Tag clouds give a very quick overview of the distribution of terms within a document base. This can be used to support navigation or just to display the characteristics of the given data. Tag clouds are quite common in blog archives where you can click on a tag in the cloud and list all postings that are tagged that way. Tag clouds can be generated on any list of terms that don't need to be "tags" in the more stricter sense, though the name of the figure is still "tag cloud".

How tag clouds are computed

Computing the tag cloud is done by counting the occurrences of the terms in the input data.

First, the input data has to be tokenized and normalized to match each word in the input to a term by
  1. splitting up the data, removing special characters,
  2. mapping different terms on one term, like handling synonyms (e.g. wikiapps=WikiApplication) (optional)
  3. filtering unwanted words; there's a predefined list of (english) stop words that can applied
  4. mapping plural to singular word forms (done rudimentarily for english only)

Once all terms have been counted they are mapped into a fixed set of buckets.
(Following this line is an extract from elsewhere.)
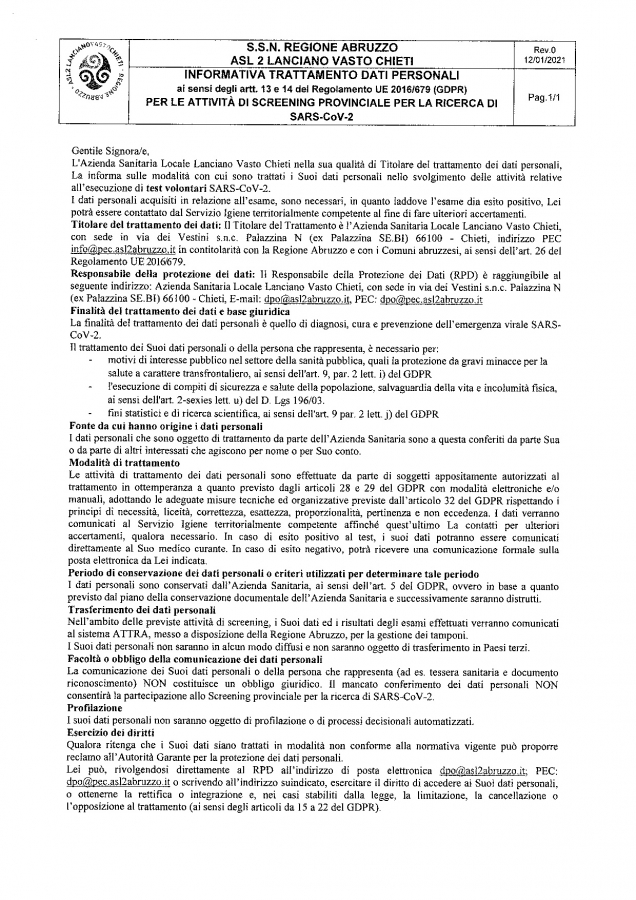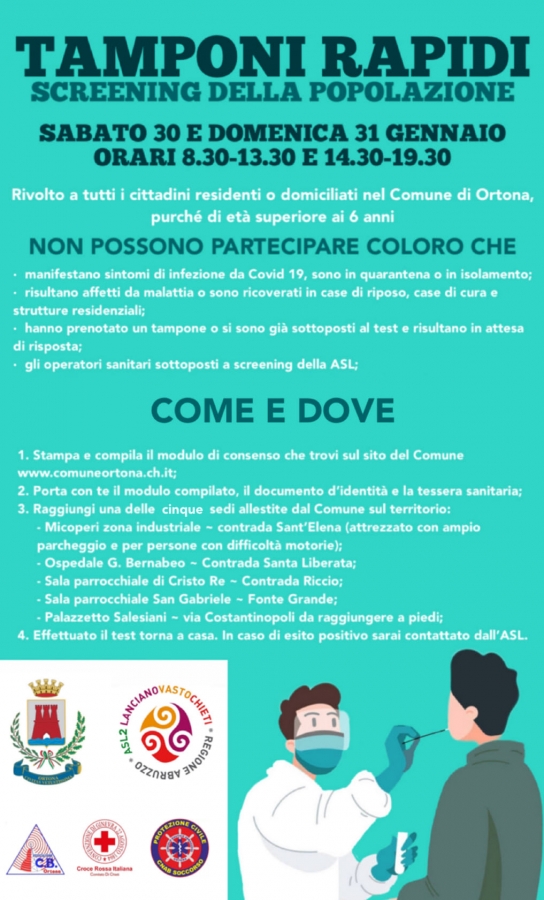 Sabato 30 e domenica 31 Gennaio ci sarà lo screening di massa sulla popolazione ortonese da Sars-Cov-2 mediante il test antigenico rapido.

For example given 102 different terms have been counted and ordered by frequency, they are mapped into a set of -- let's say -- 30 buckets that are containing those terms. Each term is assigned a weight, that is the ID of the bucket it has been sorted in.
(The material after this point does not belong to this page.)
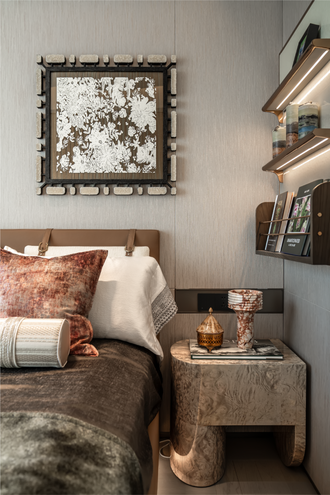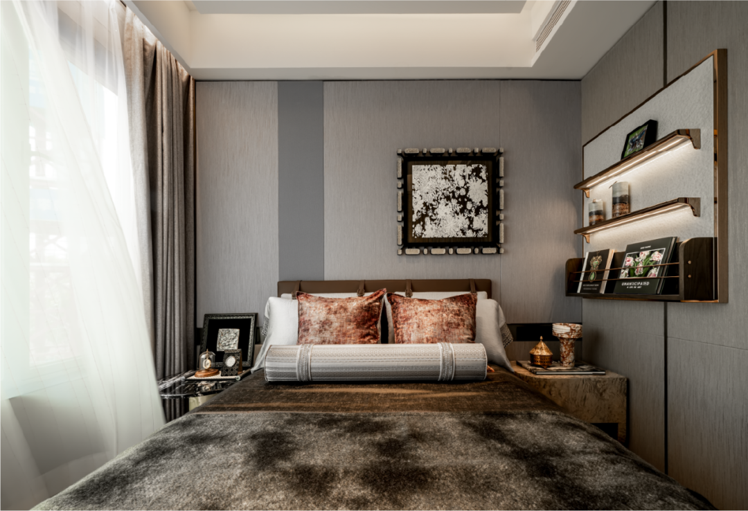 次卧空间的每一处细节皆彰显雅奢生活的精致与从容,从精选的室内装饰到细腻的寝具面料,无不体现出对生活品质的极致追求。

In general the tag cloud renders the more frequent terms bolder and/or more colorful than the less frequent. See the example below. But you are free to configure any variation of the appearance of a tag depending on its frequency.

Syntax Rules

Syntax:
%TAGCLOUD{(terms=)"<term-list>" ... }%

renders a tag cloud given a list of terms from which the term frequencies are extracted. There are a couple of options that infulence the way the list of terms is tokenized and processed, as well as the appearance of the resulting tag cloud.

Parameters:

Format strings (terms, header, format, sep and footer) might contain the following pseudo variables:

Example

Cloud for the above text:

You type:
%TAGCLOUD{"$percntINCLUDE{\"%WEB%.%TOPIC%\" section=\"exampletext\"}$percnt"
  header="<div style=\"text-align:center; padding:15px;line-height:180%\">"
  format="<span style=\"font-size:$weightpx;line-height:90%\"><a style=\"color:$fadeRGB(104,144,184,0,102,255);text-decoration:none\" title=\"$count\">$term</a></span>"
  footer="</div>"
  buckets="40"
  offset="12"
  lowercase="on"
  stopwords="on"
  plural="off"
  min="2"
  map="bucket=pail"
  filter="on"
}%

You get (faked): TagCloud

You get (if installed):
alpha alphabetically appearance character cloud color common count counted counting current custom data default different display displayed don't english example exclude expand expression field filter filtering footer form format frequency frequent general given group header included input integer list lowercase mapped mapping normalize normalized number occurrence offset output pail plural predefined pseudo regular render sep set singular sort sorted special split stop stopword string switch synonym syntax tag term tokenized undefined used value variable way weight word

Installation Instructions

You do not need to install anything in the browser to use this extension. The following instructions are for the administrator who installs the extension on the server.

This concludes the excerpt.